The third variable x2, cannot be entered into the model because it's $f_{out}$ = 1 $!>$ 4.
```{r}
r_yx3_x1_x2 = sqrt((425 - 400)/425)
f_x3x1x2 = (r_yx3_x1_x2^2)*(20 - (3 + 1))/(1 - (r_yx3_x1_x2)^2)
```
# 5.6
```{r}
c <- read.csv("C:/Users/Jeff/Downloads/carprices.csv")
c$Buick <- ifelse(c$Make == "Buick",1,0)
c$Cadillac <- ifelse(c$Make == "Cadillac",1,0)
c$Chevrolet <- ifelse(c$Make == "Chevrolet",1,0)
c$SAAB <- ifelse(c$Make == "SAAB",1,0)
c$Pontiac <- ifelse(c$Make == "Pontiac",1,0)
c$Saturn <- ifelse(c$Make == "Saturn",1,0)
c$Convertible <- ifelse(c$Type == "Convertible",1,0)
c$Coupe <- ifelse(c$Type == "Coupe",1,0)
c$Hatchback <- ifelse(c$Type == "Hatchback",1,0)
c$Sedan <- ifelse(c$Type == "Sedan",1,0)
c$Wagon <- ifelse(c$Type == "Wagon",1,0)
train_indices <- seq(1, nrow(c), by=2)
train <- c[train_indices, ]
test <- c[-train_indices, ]
model1 <- lm(I(log(c$Price)) ~ c$Mileage + c$Cylinder + c$Liter + c$Buick + c$Cadillac + c$Chevrolet + c$SAAB + c$Convertible + c$Coupe + c$Hatchback + c$Sedan, data = test)
summary(model1)
model2 <- lm(I(log(c$Price)) ~ c$Mileage + c$Liter + c$Cadillac + c$Chevrolet + c$Pontiac + c$SAAB + c$Saturn + c$Convertible + c$Wagon + c$Cylinder, data = test)
summary(model2)
SSE_1 <- sum(resid(model1)^2)
SSE_2 <- sum(resid(model2)^2)
SSE_1
SSE_2
```
The SSE is smaller for Model 1. All the variables are statistically significant at 5% for both models.
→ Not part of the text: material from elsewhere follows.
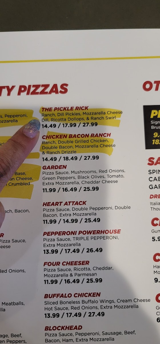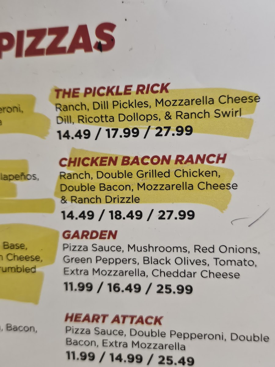 Regular Crust, Ranch, Deli Pickles, Mozzarella, Dill Sprinkle, Ricotta Dollops, and Ranch Drizzle
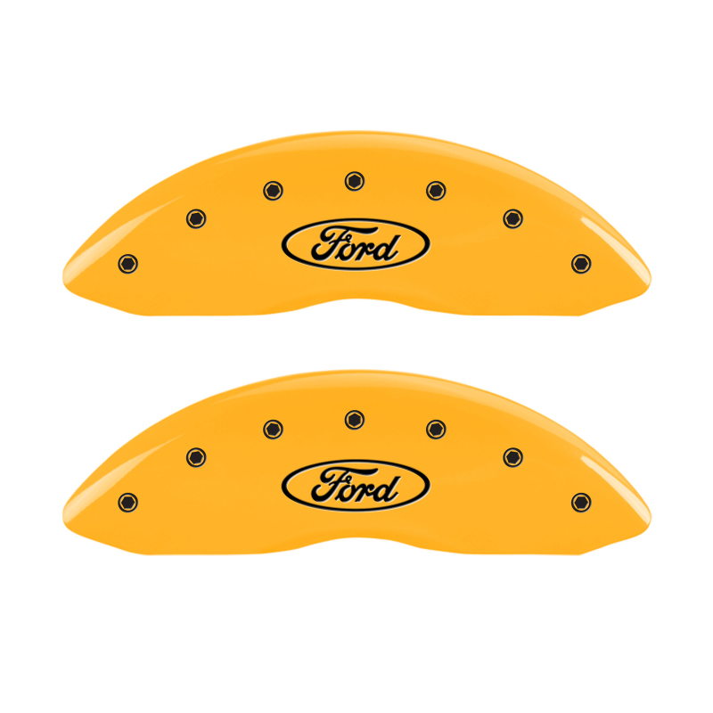 MGP 4 Caliper Covers Engraved F & R Oval Logo/Ford Yellow Finish Black Char 2005 Ford Excursion - 10146SFRDYL

Since this is the case, both models are highly predicitive. If I had to select a model, I would probably choose Model 1 because the variables included are mostly likely to be available in the future. Model 2 includes Pontiac, SAAB, Saturn, convertible, and wagon, all of which are dead car companies and models not commonly made. Model 1 includes SAAB unfortunalety, but it also includes the now popular hatchback type of vehicle.